The SHAP meta-model consists of an effect matrix that is dimensionally identical to the original, nominal value data set. The SHAP effect matrix can therefore be disaggregated on a case- or feature-wise basis and summarized accordingly. Here, feature-wise model decomposition reveals that the geospatial distribution of climatic and non-climatic features are markedly different. Non-climatic factors include economic, sociodemographic, vector, and host – associated features. Despite sum total aggregate effect being roughly equivalent to that of climatic risk, non-climatic risk extends into areas where WNV is otherwise presently contraindicated. This suggests that climate may, in some cases, serve to suppress non-climatic factors associated with increased outbreak risk. Were this to change, the emergence and spread of WNV and other similar diseases might occur far sooner than assumed under current climate change scenarios.

Figure SF2.
  • Download figure
  • Open in new tab
Figure SF2. The SHAP reanalysis remains faithful to global model structure.

In the context of classification tree models, “gain” refers to the degree to which global predictive performance is reduced is reduced when a given feature is removed from the model. Gain is one of the most common metrics used to evaluate feature importance in classification tree models. Feature importance can also be evaluated directly using SHAP by calculating the mean magnitude effect. Lundberg et al. (2020) refer to this as the SHAP score. Here, an almost one-to-one relationship is observed when gain (as calculated per XGBoost) is plotted against the SHAP score. The notable exception is the autocorrelative feature, “Recent History of WNV [Past Year]”. This feature was shown to be important only to a limited proportion of cases (Figure 3). This result demonstrates the degree to which the reannalysis of the XGBoost model substructure allows SHAP to modulate scale- or context-dependent variability of effect for features that are potentially of limited significance.

Figure SF3.
  • Download figure
  • Open in new tab
Figure SF3.

Means tests show the difference between the 2018 extraordinary event year in Europe and the 2010-2016 control period with respect to select feature values (SF3a). The differences reflect the consensus understanding of the factors coinciding with increased risk of vector-born diseases such as WNV. SF3b shows the extraordinary length of the 2018 outbreak season compared to the 2010-2016 control period in terms of absolute number of cases and the proportional increase in cases.

Figure SF4.
  • Download figure
  • Open in new tab
Figure SF4. Surrogate data model aligns with but outperforms original data.

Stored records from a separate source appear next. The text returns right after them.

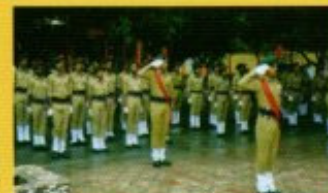
National Cadet Corps Saluting National Flag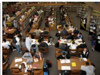
A Typical Lunch Time in the Library

Thanks to Friends of the Library, we're open Mon. - Thurs. 7:15 a.m. - 6:00 p.m. and Fri. 7:15 a.m. - 3:15 p.m.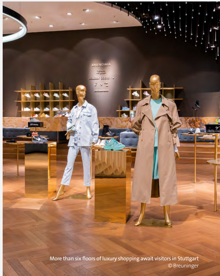
More than six floors of luxury shopping await visitors in Stuttgart

www.e-breuninger.de tourismus@breuninger.de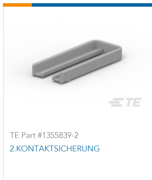
TE Part #1355839-2 2.KONTAKTSICHERUNG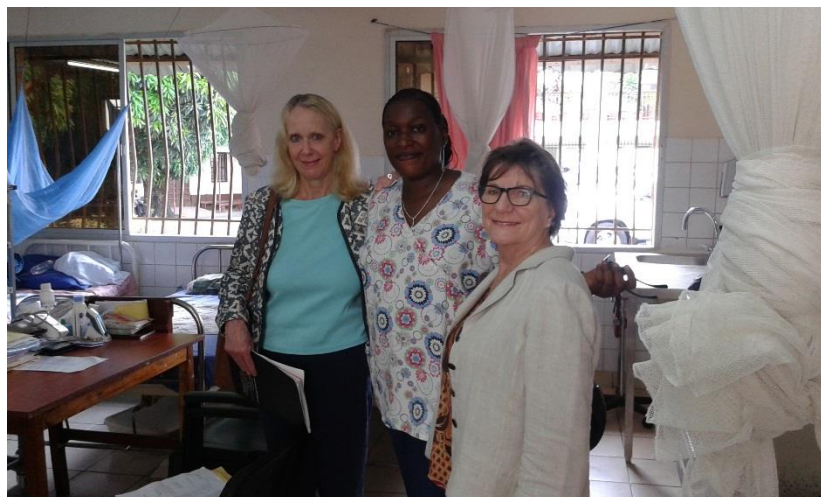
Liz McInnes MP and Baroness Jenny Tonge speaking to senior fistula repair nurse/manager, Aberdeen Women's Centre, Freetown

The group 1 UK delegation met with the latest 60 clients awaiting fistula repair. Foreign doctors volunteering would arrive and carry out the repair, as no in-country doctors were currently able to perform this often complicated surgery. Junior doctors would be taught during procedures. It would be commonplace for 5-6 girls to be repaired per day.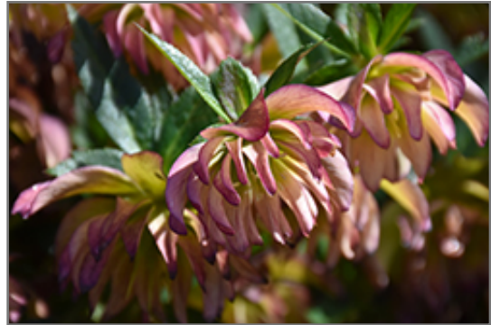
Amber Gem Hellebore flowers

Amber Gem Hellebore is recommended for the following landscape applications;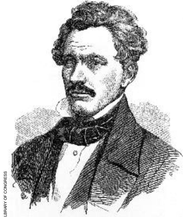
Self-taught sculptor Clark Mills was commissioned by the Jackson Monument Committee to create the Jackson equestrian statue in 1848. He made his casting in a temporary foundry on the Ellipse. He also cast here an equestrian statue of George Washington that stands at Washington Circle on Pennsylvania Avenue. At a later octagon-shaped foundry he built on Bladensburg Road (above) he cast Thomas Crawford's Freedom , which was placed atop the dome of the Capitol in 1863.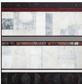
Holly Harrison Moon Shadow Signed on verso Mixed media and found papers on wood panel 24 x 24 in. (HH131)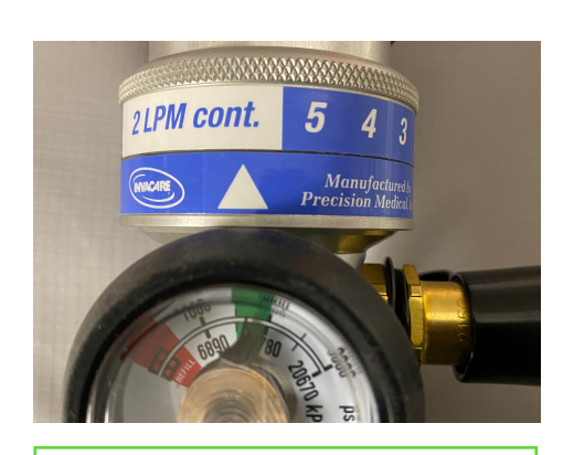
CONTINUOUS FLOW in WHITE ZONE 2 LPM Oxygen flows continuously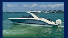
2017 SEA RAY 31 SLX

The surrogate data model is heuristically designed to reproduce the output of the original (XGB) model while estimating the individual, localized effect of each feature. The surrogate data model is therefore dimensionally identical to the original data set but reflects deductively approximated effect estimates. We confirmed a high-degree of statistical correspondence between the two (Figure 4a). Stepwise logistic regression (Figure 4b) furthermore confirmed that the variability encoded within the surrogate data model aligned better with the original case data, for any given feature set size. This observed difference in predictive performance notably increases as model dimensionality is reduced. This finding is consistent across under various scenarios of model decomposition – e.g, by feature class.

Figure SF5.
  • Download figure
  • Open in new tab
Figure SF5. Broad diversity of hosts and vectors implied in Europe.

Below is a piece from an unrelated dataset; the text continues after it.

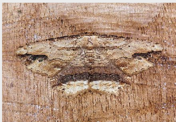
Waved Umber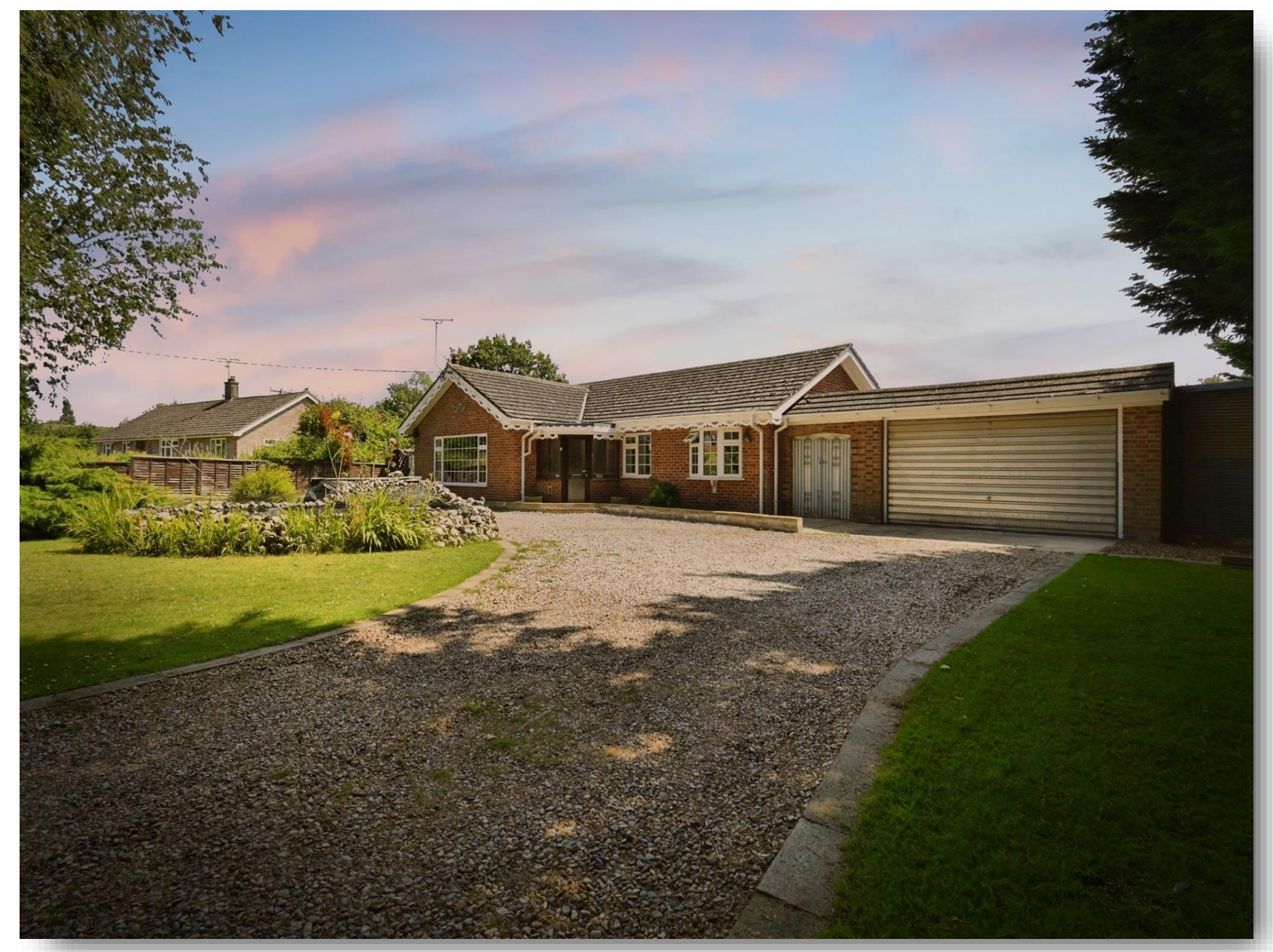
Two J's Smallworth, Garboldisham Diss IP22 2SS

Ranking and comparison of individual features with respect to aggregate effect is a simple matter using the surrogate data model. Means tests were conducted to comparing regions of positive and negative indication with respect to the effect of host and vector (p<.05). Effect sizes (standardized means difference) were calculated along with sum relatives risks for each, as an alternate measure of global effect. The likelihood of a comparatively complex European reservoir dynamic has long been suggested in the literature8, and again more recently1, and our results corroborate. The effect of vector distribution completely outstrips that of hosts. Which is suggestive of the primacy of anthropophilic mosquitos with respect to ultimate human transmission. The vectors most commonly associated with human transmission, Culex modestus and Culex pipiens, contribute more to aggregate risk than all other vectors combined. A notable runner-up is Anopheles plumbeaus, which has been cited by the ECDC as a potentially important vector. Aedes koreicus was also found to contribute marginally to outbreak risk. However, distinguishing it from its WNV-competent cousin, Aedes japanicus, has proven difficult and scant work exists to confirm its transmission status55. The remaining vectors have all been suggested by the literature, albeit with varying degrees of certainty42,56,57. For those exclusively involved in epizootic transmission, the effect on human outbreak risk is indirect and consequently of substantially lower impact. The effect of individual hosts was found to be minimal at the global scale. Most notable were the common toad (Bufo buf) and common pool frog (Rana lessone), both of which have been found to contribute to in-the-wild infection of Culex pipiens, the primary WNV vector58. WNV has historically been isolated within a broad range of species and the possibility of enzootic transmission absent mosquito vectors has been confirmed59, which suggests the possibility of latent reservoirs awaiting the arrival of opportune climate and vectors.

Figure SF6.
  • Download figure
  • Open in new tab
Figure SF6. Host, economic, and sociodemographic effects are important at local scales.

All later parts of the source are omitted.